Only the lines below from the one containing "3、进入聊天界面后,点击右上" through the one containing "⑤エレベーターを降りると、道を挟んで横浜銀行が正面に見えます。右に進みます。" belong in the answer, repeated exactly and without pictures.

**RECORDS TO PROCESS**
###

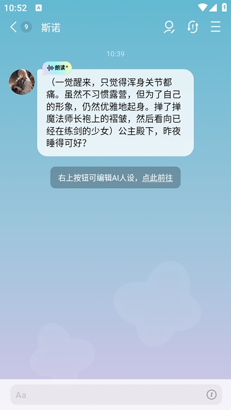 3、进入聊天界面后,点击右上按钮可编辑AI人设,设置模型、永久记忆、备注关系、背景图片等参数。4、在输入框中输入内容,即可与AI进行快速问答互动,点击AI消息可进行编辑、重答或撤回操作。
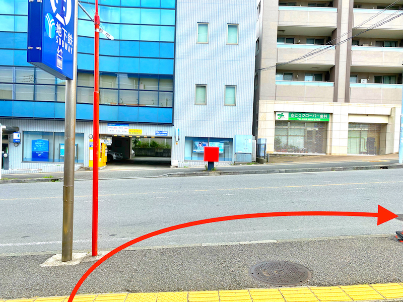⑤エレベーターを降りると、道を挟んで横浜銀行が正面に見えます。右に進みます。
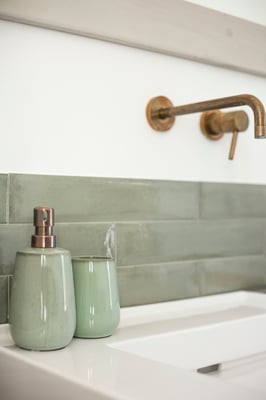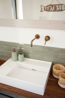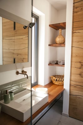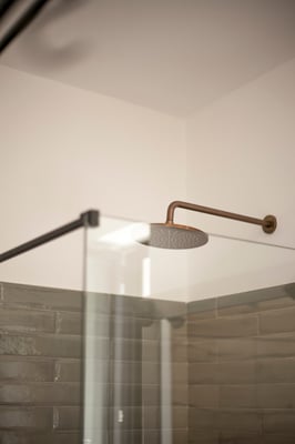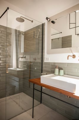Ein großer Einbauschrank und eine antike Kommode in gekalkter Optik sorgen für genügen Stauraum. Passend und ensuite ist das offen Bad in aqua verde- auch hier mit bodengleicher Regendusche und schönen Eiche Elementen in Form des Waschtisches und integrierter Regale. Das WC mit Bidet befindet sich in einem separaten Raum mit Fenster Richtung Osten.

###

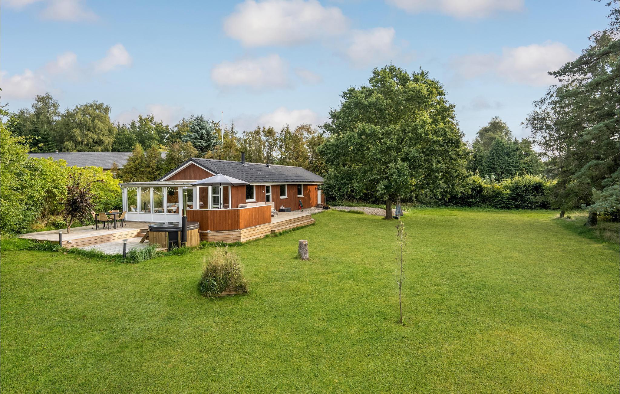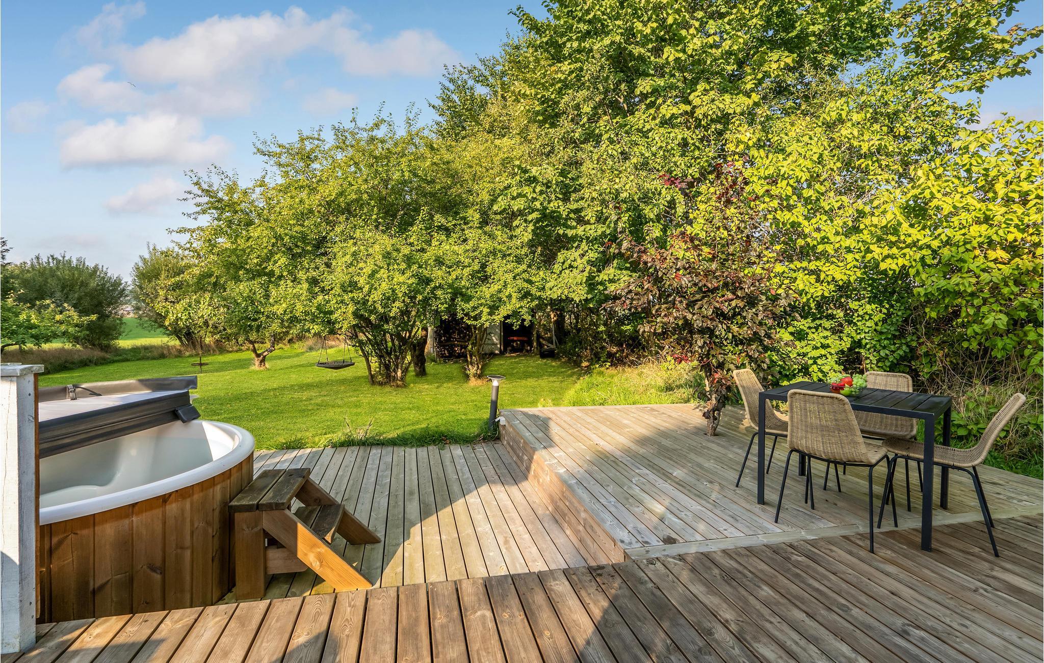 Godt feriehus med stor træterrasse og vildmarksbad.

###

**RESPONSE TO THE EXERCISE**
 3、进入聊天界面后,点击右上按钮可编辑AI人设,设置模型、永久记忆、备注关系、背景图片等参数。4、在输入框中输入内容,即可与AI进行快速问答互动,点击AI消息可进行编辑、重答或撤回操作。
⑤エレベーターを降りると、道を挟んで横浜銀行が正面に見えます。右に進みます。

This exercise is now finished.